### DATASET EXCERPT
§ §

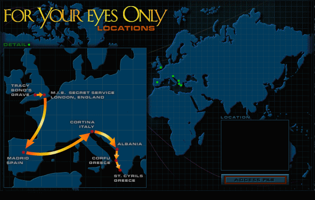 Filming locations for For Your Eyes Only (1981) James Bond 007 Achillion Palace, Gastouri, Corfu, Greece (casino scene) Achillion, Gastouri, Corfu, Greece (Casino Scene) Agios Spyridon Tower, Corfu Town, Corfu, Greece (James Bond and Melina are shopping) Balcony Terrace, Achillion Palace, Gastouri, Corfu, Greece (Bond and Melina look out over Corfu Bay at night) Bouas-Danilia Village, Corfu, Greece (Greek wedding scene - Bond meets Q at village St. Cyril's Church) Casino, Achillion Palace, Gastouri, Corfu, Greece (casino scene) Cliffs, The Old Fortress, Corfu Town, Corfu, Greece (Bond kicks Mercedes off cliff with Locque in it) Concrete Walkway, Kanoni Island, Corfu, Greece (Melina arrives in Corfu on boat) Kanoni Island, Corfu, Greece Katami Bay, Corfu, Greece (Melina visits her parents - Melina's parents on boat - Hector Gonzales kills Melina Havelock's parents) Pagi Village, Corfu, Greece (yellow Citroen 2CV car chase) Paleokastritsa Road, Bouas-Danilia Village, Corfu, Greece (yellow Citroen 2CV car chase - Bond advises Melina to take the low road) Small Harbour House, The Old Fortress, Corfu Town, Corfu, Greece (Albanian warehouse action sequence) St Cyrils' Church, Bouas-Danilia Village, Corfu, Greece (James Bond meets Q in confession box at village St. Cyril's Church) St. George's Beach, Corfu, Greece (beach buggy sequence) Stone Entrance Gate, Bouas-Danilia Village, Corfu, Greece (entrance to Gonzale's villa) The Old Fortress, Corfu Town, Corfu, Greece (Albanian warehouse action sequence) The Stone Gate, The Old Fortress, Corfu Town, Corfu, Greece (Bond shoots Locque) The Tunnels, The Old Fortress, Corfu Town, Corfu, Greece (Locque almost runs over Bond in his Mercedes) Vatonies, Corfu, Greece (near) (James Bond accelerates Lotus through the Spanish countryside) Villa Sylva, Kanoni, Corfu, Greece (Gonzale's spanish villa with swimming pool) Vlacherna Monastery, Kanoni Island, Corfu, Greece (near) (Melina arrives in Corfu on boat) |
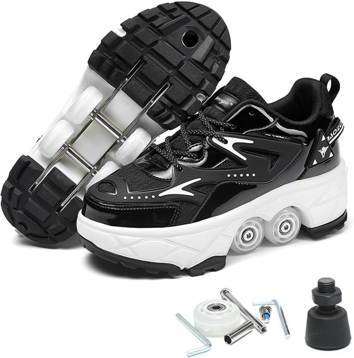 I pattini a rotelle sono realizzati in microfibra, la suola è in gomma e le ruote sono in PU Suola confortevole e traspirante, resistente all'usura, buona elasticità Pattini a rotelle 2 in 1, questa scarpa è diversa dai normali pattini a rotelle sul mercato. Non solo può essere utilizzato per il pattinaggio a rotelle, ma può anche essere calpestato. Forte freno anteriore, molto stabile e facile da imparare , Puoi sollevare e nascondere il rullo con un pulsante sul tallone. Usa i lacci tradizionali, puoi regolare i lacci per scegliere la sensazione più comoda. I pattini a rotelle regolabili multifunzionali sono adatti ad amici di tutte le età , Adatto a varie occasioni: viaggi di vacanza, all'aperto, uscire da un ospite, Campus Study.
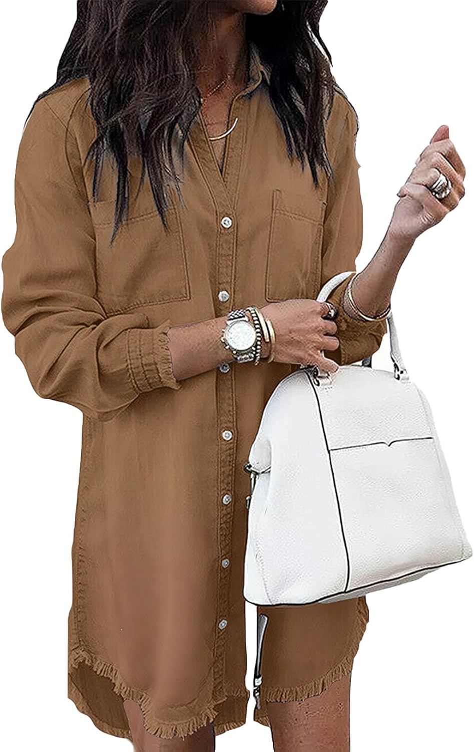 - Features: Denim dress for women features with loose-fit long sleeves,a pointed collar and a button-up front,designed with a curved shirttail frayed hem,can regard it as button down tunic jean dress or long denim shirt,above the knee length cool-weather denim dress,cut with a relaxed fit,finished with two chest pockets
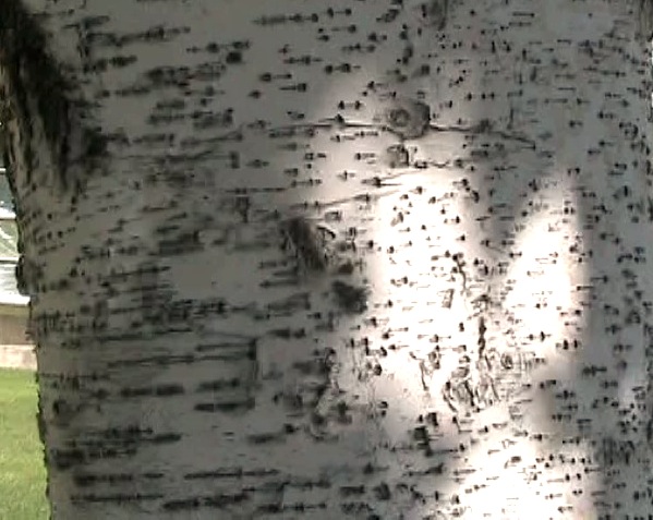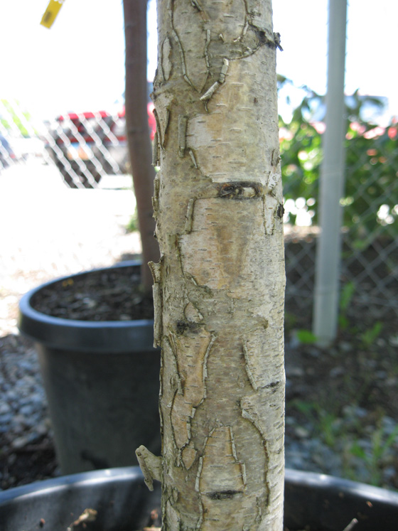 Young bark is brown, but as the tree matures it turns to a bright white. A very small amount of peeling will occur on the bark, but the main ornamental feature is the white color and the dark horizontal lenticels. As the tree matures, dark brown or black vertical fissures form on the trunk.

§ §

### AIM OF THE TASK
Repeat the whole of the material above exactly, but keep the pictures out.

### TASK RESPONSE
 Filming locations for For Your Eyes Only (1981) James Bond 007 Achillion Palace, Gastouri, Corfu, Greece (casino scene) Achillion, Gastouri, Corfu, Greece (Casino Scene) Agios Spyridon Tower, Corfu Town, Corfu, Greece (James Bond and Melina are shopping) Balcony Terrace, Achillion Palace, Gastouri, Corfu, Greece (Bond and Melina look out over Corfu Bay at night) Bouas-Danilia Village, Corfu, Greece (Greek wedding scene - Bond meets Q at village St. Cyril's Church) Casino, Achillion Palace, Gastouri, Corfu, Greece (casino scene) Cliffs, The Old Fortress, Corfu Town, Corfu, Greece (Bond kicks Mercedes off cliff with Locque in it) Concrete Walkway, Kanoni Island, Corfu, Greece (Melina arrives in Corfu on boat) Kanoni Island, Corfu, Greece Katami Bay, Corfu, Greece (Melina visits her parents - Melina's parents on boat - Hector Gonzales kills Melina Havelock's parents) Pagi Village, Corfu, Greece (yellow Citroen 2CV car chase) Paleokastritsa Road, Bouas-Danilia Village, Corfu, Greece (yellow Citroen 2CV car chase - Bond advises Melina to take the low road) Small Harbour House, The Old Fortress, Corfu Town, Corfu, Greece (Albanian warehouse action sequence) St Cyrils' Church, Bouas-Danilia Village, Corfu, Greece (James Bond meets Q in confession box at village St. Cyril's Church) St. George's Beach, Corfu, Greece (beach buggy sequence) Stone Entrance Gate, Bouas-Danilia Village, Corfu, Greece (entrance to Gonzale's villa) The Old Fortress, Corfu Town, Corfu, Greece (Albanian warehouse action sequence) The Stone Gate, The Old Fortress, Corfu Town, Corfu, Greece (Bond shoots Locque) The Tunnels, The Old Fortress, Corfu Town, Corfu, Greece (Locque almost runs over Bond in his Mercedes) Vatonies, Corfu, Greece (near) (James Bond accelerates Lotus through the Spanish countryside) Villa Sylva, Kanoni, Corfu, Greece (Gonzale's spanish villa with swimming pool) Vlacherna Monastery, Kanoni Island, Corfu, Greece (near) (Melina arrives in Corfu on boat) |
 I pattini a rotelle sono realizzati in microfibra, la suola è in gomma e le ruote sono in PU Suola confortevole e traspirante, resistente all'usura, buona elasticità Pattini a rotelle 2 in 1, questa scarpa è diversa dai normali pattini a rotelle sul mercato. Non solo può essere utilizzato per il pattinaggio a rotelle, ma può anche essere calpestato. Forte freno anteriore, molto stabile e facile da imparare , Puoi sollevare e nascondere il rullo con un pulsante sul tallone. Usa i lacci tradizionali, puoi regolare i lacci per scegliere la sensazione più comoda. I pattini a rotelle regolabili multifunzionali sono adatti ad amici di tutte le età , Adatto a varie occasioni: viaggi di vacanza, all'aperto, uscire da un ospite, Campus Study.
 - Features: Denim dress for women features with loose-fit long sleeves,a pointed collar and a button-up front,designed with a curved shirttail frayed hem,can regard it as button down tunic jean dress or long denim shirt,above the knee length cool-weather denim dress,cut with a relaxed fit,finished with two chest pockets
 Young bark is brown, but as the tree matures it turns to a bright white. A very small amount of peeling will occur on the bark, but the main ornamental feature is the white color and the dark horizontal lenticels. As the tree matures, dark brown or black vertical fissures form on the trunk.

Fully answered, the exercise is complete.